→ DATASET SECTION:
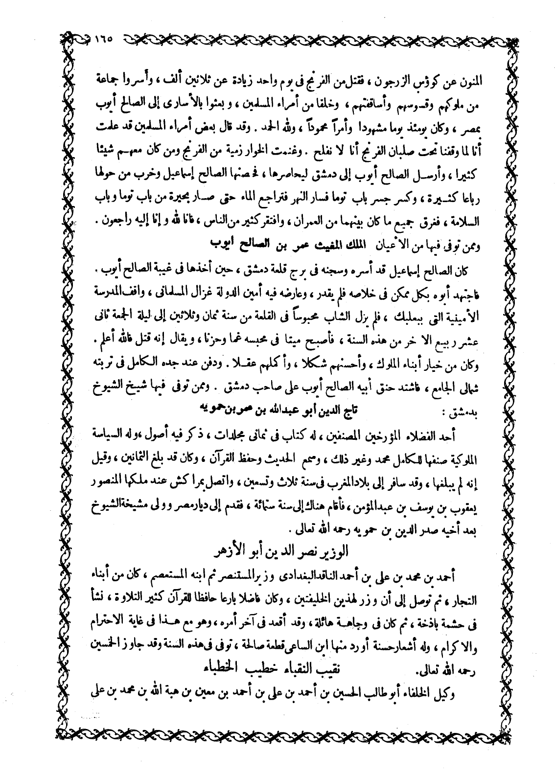 المنون عن كئوس الزرجون، فَقُتِلَ مِنَ الْفِرِنْجِ فِي يَوْمٍ وَاحِدٍ زِيَادَةٌ عن ثلاثين ألف، وَأَسَرُوا جَمَاعَةً مِنْ مُلُوكِهِمْ وَقُسُوسِهِمْ وَأَسَاقِفَتِهِمْ، وَخَلْقًا مِنْ أُمَرَاءِ الْمُسْلِمِينَ، وَبَعَثُوا بِالْأُسَارَى إِلَى الصَّالِحِ أَيُّوبَ بِمِصْرَ، وَكَانَ يَوْمَئِذٍ يَوْمًا مَشْهُودًا وَأَمْرًا محمودا، وللَّه الحمد. وَقَدْ قَالَ بَعْضُ أُمَرَاءِ الْمُسْلِمِينَ قَدْ عَلِمْتُ أَنَّا لَمَّا وَقَفْنَا تَحْتَ صُلْبَانِ الْفِرِنْجِ أَنَّا لا نفلح. وغنمت الخوارزمية من الفرنج ومن كَانَ مَعَهُمْ شَيْئًا كَثِيرًا، وَأَرْسَلَ الصَّالِحُ أَيُّوبُ إِلَى دِمَشْقَ لِيُحَاصِرَهَا، فَحَصَّنَهَا الصَّالِحُ إِسْمَاعِيلُ وَخَرَّبَ مِنْ حَوْلِهَا رِبَاعًا كَثِيرَةً، وَكَسَرَ جِسْرَ بَابِ توما فسار النَّهْرَ فَتَرَاجَعَ الْمَاءُ حَتَّى صَارَ بُحَيْرَةً مِنْ بَابِ تُومَا وَبَابِ السَلَامَةِ، فَغَرِقَ جَمِيعُ مَا كَانَ بَيْنَهُمَا مِنَ الْعُمْرَانِ، وَافْتَقَرَ كَثِيرٌ مِنَ الناس، ف إِنَّا لِلَّهِ وَإِنَّا إِلَيْهِ راجِعُونَ. 2: 156
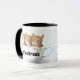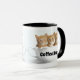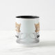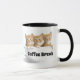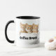 Esta taza de café de cerámica se muestra con una foto impresa de tres gatitos lindos amarillos en una taza grande sobre un fondo blanco. Texto de "Pausa de café". Imágenes y texto en dos lados de la taza que envuelven. Elija su interior y maneje el color que se muestra en negro. Personalizar este artículo o compra tal cual.
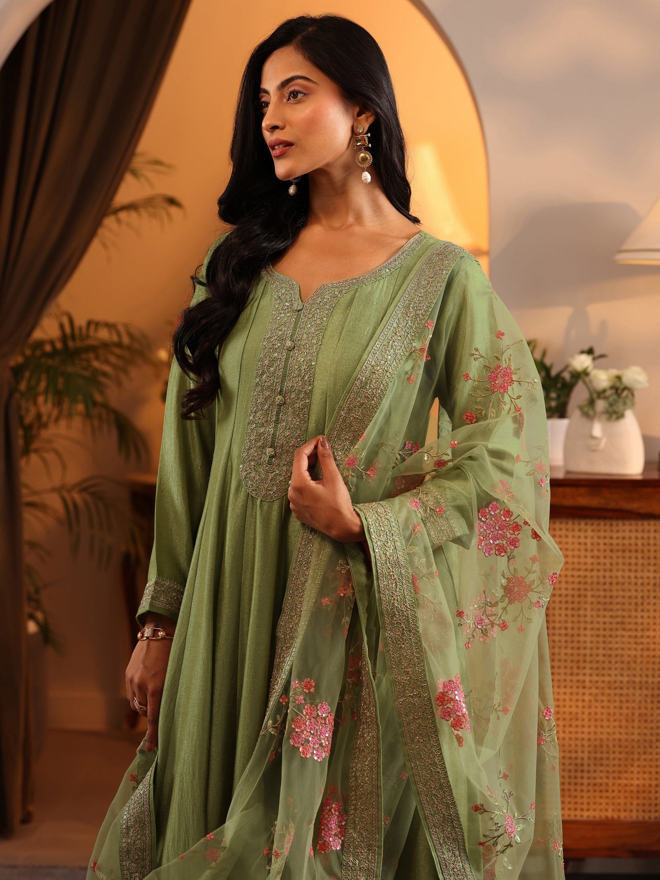 Our 3-piece green silk blend Anarkali kurta set features a round neckline, regular sleeves, and statement yoke design. Complemented with lining and straight pants with a partially elasticated waistband and 2 pockets, and an embroidered dupatta. Adorned with embroidered accents, this style is perfect for festive wear.
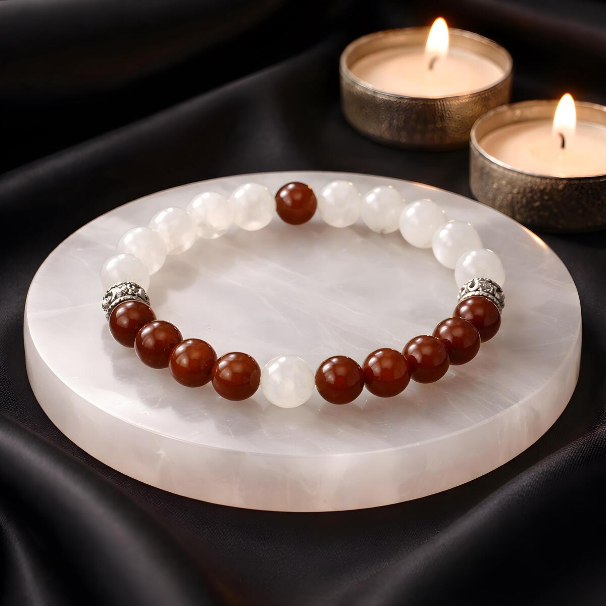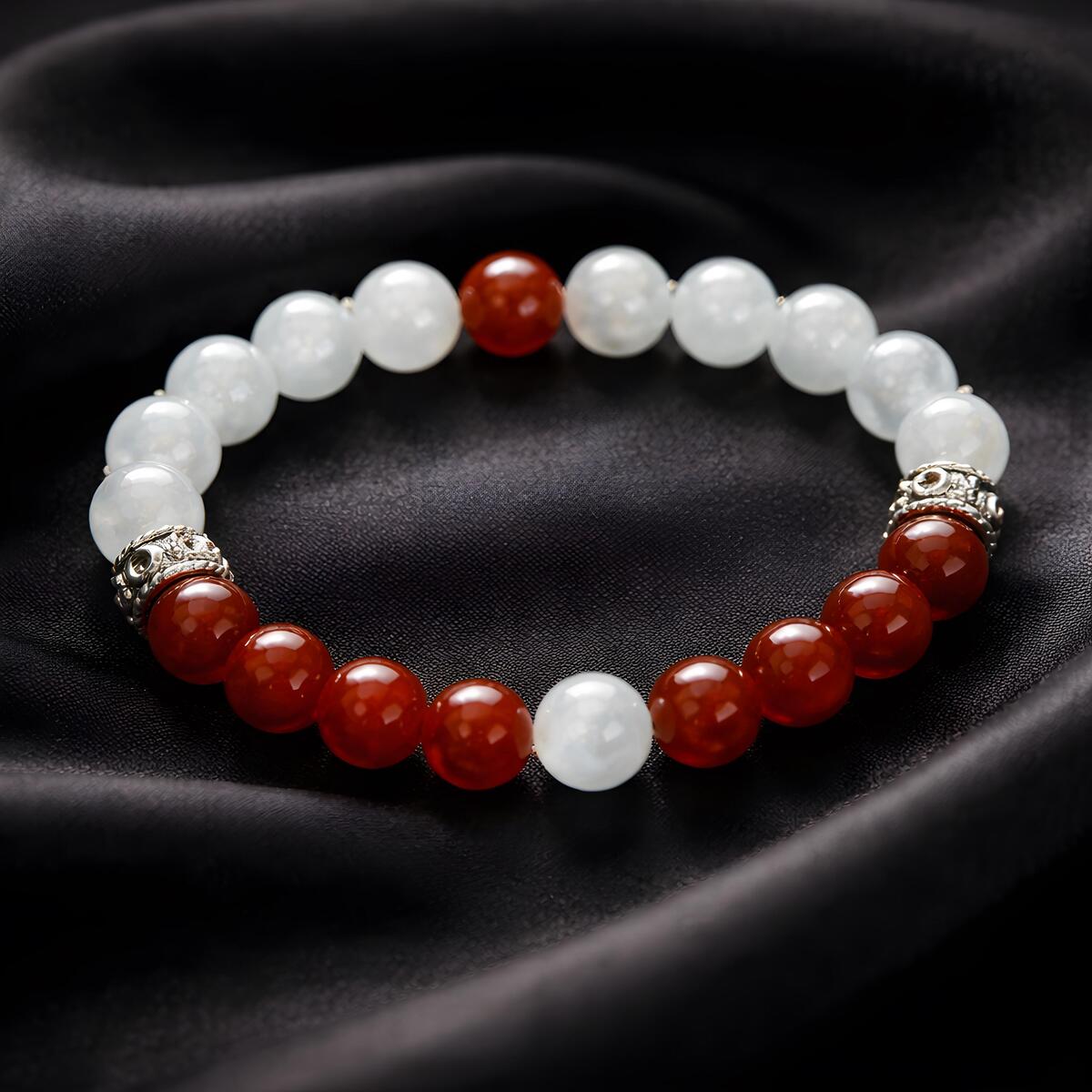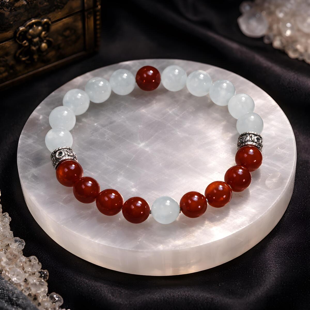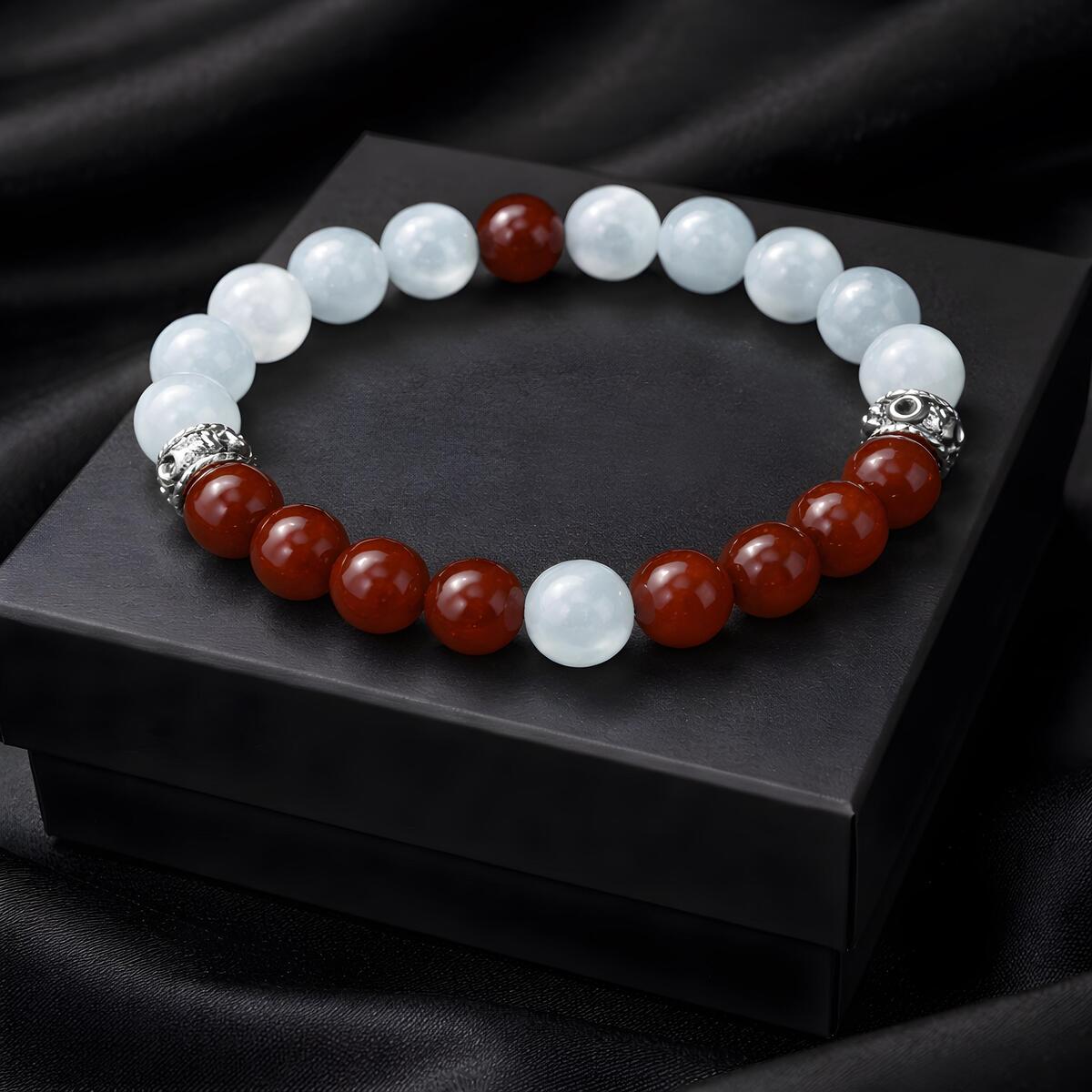 The Greenland Flag Color Gemstone Bracelet beautifully captures the essence of Greenlands striking landscape and rich history. Adorned with white moonstone beads, it symbolizes the vast glaciers and icy terrain that dominate the islands scenery, reflecting purity and resilience. The vibrant red carnelian beads represent the surrounding North Atlantic Ocean, embodying strength, vitality, and the life-giving waters that sustain Greenlands people. A single red carnelian bead in the center of the white moonstone strand echoes the setting sun dipping below the horizon, symbolizing hope and the promise of a new day. Conversely, a solitary white moonstone bead amid the red carnelian beads reflects the icy darkness of winter months and the enduring spirit of the Greenlandic people. Each gemstone resonates deeply with the inhabitants, embodying their connection to nature, land, and ocean. The red and white colors have long symbolized Greenlands ties to Denmark, highlighting centuries of cultural and political history. Wearing this bracelet is a tribute to Greenlands natural beauty, resilience, and shared heritage with Denmark. Its a meaningful accessory that honors both the lands majestic landscapes and its enduring cultural identity. This gemstone bracelet is more than jewelry its a symbol of Greenlands spirit and history.

→ TASK TO COMPLETE: Inclusive range, exact copy: the line containing "Esta taza de" through the last line of the listing. Print nothing else, and no pictures.

→ TASK OUTPUT:
 Esta taza de café de cerámica se muestra con una foto impresa de tres gatitos lindos amarillos en una taza grande sobre un fondo blanco. Texto de "Pausa de café". Imágenes y texto en dos lados de la taza que envuelven. Elija su interior y maneje el color que se muestra en negro. Personalizar este artículo o compra tal cual.
 Our 3-piece green silk blend Anarkali kurta set features a round neckline, regular sleeves, and statement yoke design. Complemented with lining and straight pants with a partially elasticated waistband and 2 pockets, and an embroidered dupatta. Adorned with embroidered accents, this style is perfect for festive wear.
 The Greenland Flag Color Gemstone Bracelet beautifully captures the essence of Greenlands striking landscape and rich history. Adorned with white moonstone beads, it symbolizes the vast glaciers and icy terrain that dominate the islands scenery, reflecting purity and resilience. The vibrant red carnelian beads represent the surrounding North Atlantic Ocean, embodying strength, vitality, and the life-giving waters that sustain Greenlands people. A single red carnelian bead in the center of the white moonstone strand echoes the setting sun dipping below the horizon, symbolizing hope and the promise of a new day. Conversely, a solitary white moonstone bead amid the red carnelian beads reflects the icy darkness of winter months and the enduring spirit of the Greenlandic people. Each gemstone resonates deeply with the inhabitants, embodying their connection to nature, land, and ocean. The red and white colors have long symbolized Greenlands ties to Denmark, highlighting centuries of cultural and political history. Wearing this bracelet is a tribute to Greenlands natural beauty, resilience, and shared heritage with Denmark. Its a meaningful accessory that honors both the lands majestic landscapes and its enduring cultural identity. This gemstone bracelet is more than jewelry its a symbol of Greenlands spirit and history.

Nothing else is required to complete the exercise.